Unable to run flink job in dataproc cluster with jobmanager provided
Hi Team, I'm exploring flink for one of my use case, I'm facing some issues while running a flink job in cluster mode. Below are the steps I followed to setup and run job in cluster mode : 1. Setup flink on google cloud dataproc using https://github.com/GoogleCloudDataproc/initialization-actions/tree/master/flink 2. After setting up the cluster I could see the flink session started and could see the UI for the same. 3 Submitted job from dataproc master node using below command sudo HADOOP_CONF_DIR=/etc/hadoop/conf /usr/lib/flink/bin/flink run -m yarn-cluster -yid application_1592311654771_0001 -class com.sm.flink.FlinkDriver /usr/lib/flink/lib/flink-1.0.10-sm-SNAPSHOT.jar hdfs://cluster-flink-poc-m:8020/user/flink/rocksdb/ After running the job I see the job started successfully but created a mini local cluster and ran in local mode. I don't see any jobs submitted to JobManger and I also see 0 task managers on UI. Can someone please help me understand here?, do let me know what input is required to investigate the same.
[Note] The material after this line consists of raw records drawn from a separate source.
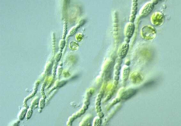 Microbes usually live as single cells. But Nostoc went one step forward: many species form chains of cells that have specialised. Some cells in these filaments contain the blue-green pigment chlorophyll - they are responsible for photosynthesis, i. e. the extraction of energy from light, water and carbon dioxide. Others are brownish and are responsible for nitrogen fixation and locomotion. Some form a thick cell wall to survive drought.
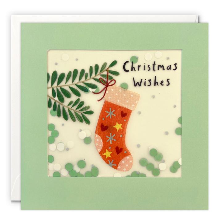 The message inside reads 'Merry Christmas and Happy New Year'. The image is printed on translucent paper, showing coloured confetti dots behind. The confetti moves around when you shake the card.
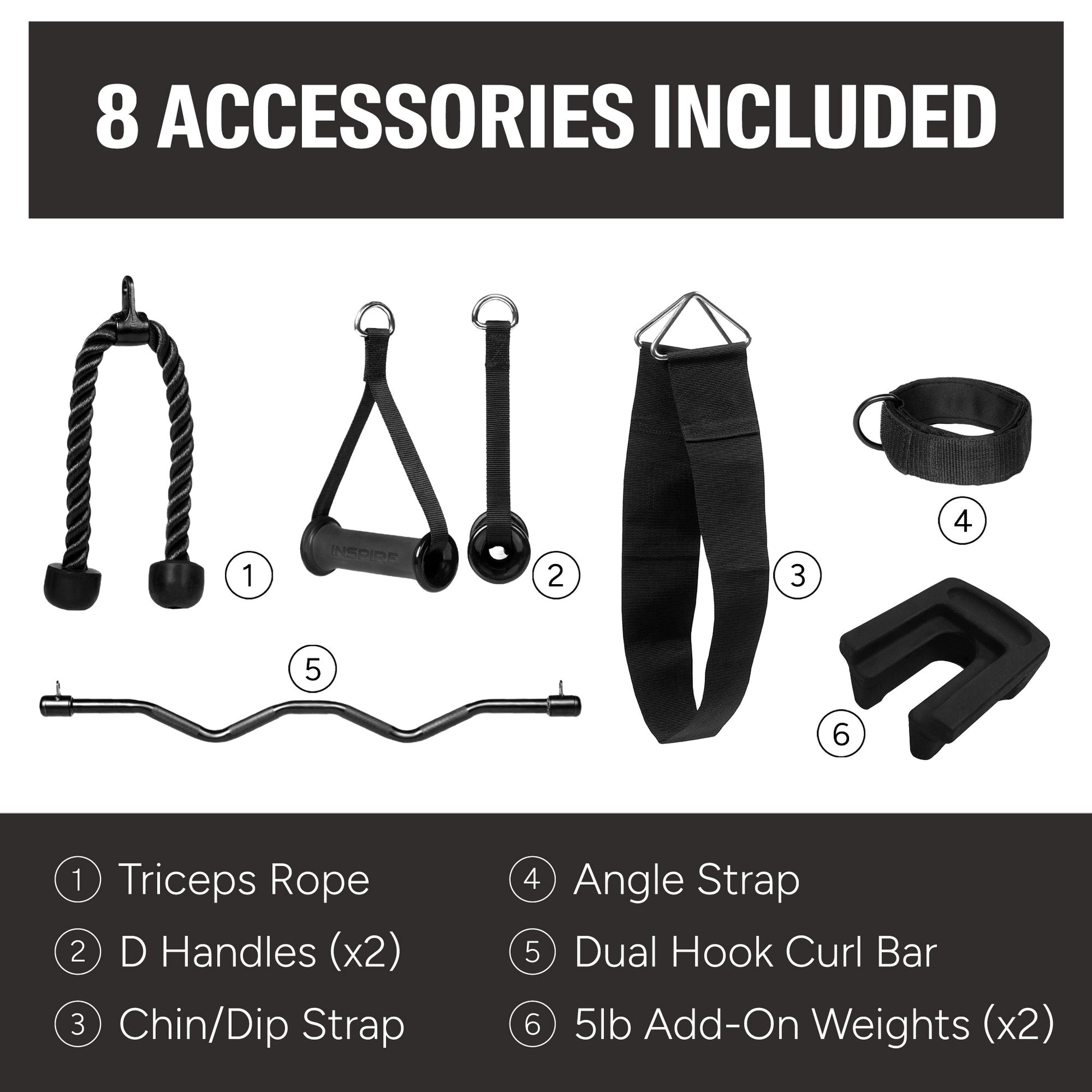 8 ACCESSORIES INCLUDED: Triceps Rope, Dual Hook Curl Bar, Ankle Strap, (2) D Handles, Multi-Purpose Belt, and (2) 5lb Add On Weights
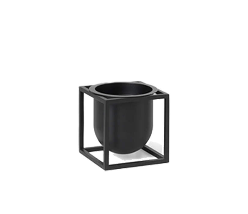 A pot for herbs, a vase or planter or a simple container; the possibilities are endless with the Kubus Flowerpot 14. Offered in three different sizes – Flowerpot 10, Flowerpot 14 and Flowerpot 23 – the container is deeper than the classic Kubus Bowl, making it a versatile storage solution for everyday objects. As the name suggests, it was originally designed as a home for houseplants and flowers, but with its elegant geometric shape it will sit happily in any space as a standalone piece. Available in white or black powder-coated metal, it stands on a surface or hangs on a wall.

Re: Unable to run flink job in dataproc cluster with jobmanager provided
Are you by any chance creating a local environment via (Stream)ExecutionEnvironment#createLocalEnvironment? On 17/06/2020 17:05, Sourabh Mehta wrote: Hi Team, I'm exploring flink for one of my use case, I'm facing some issues while running a flink job in cluster mode. Below are the steps I followed to setup and run job in cluster mode : 1. Setup flink on google cloud dataproc using https://github.com/GoogleCloudDataproc/initialization-actions/tree/master/flink 2. After setting up the cluster I could see the flink session started and could see the UI for the same. 3 Submitted job from dataproc master node using below command sudo HADOOP_CONF_DIR=/etc/hadoop/conf /usr/lib/flink/bin/flink run -m yarn-cluster -yid application_1592311654771_0001 -class com.sm.flink.FlinkDriver /usr/lib/flink/lib/flink-1.0.10-sm-SNAPSHOT.jar hdfs://cluster-flink-poc-m:8020/user/flink/rocksdb/ After running the job I see the job started successfully but created a mini local cluster and ran in local mode. I don't see any jobs submitted to JobManger and I also see 0 task managers on UI. Can someone please help me understand here?, do let me know what input is required to investigate the same.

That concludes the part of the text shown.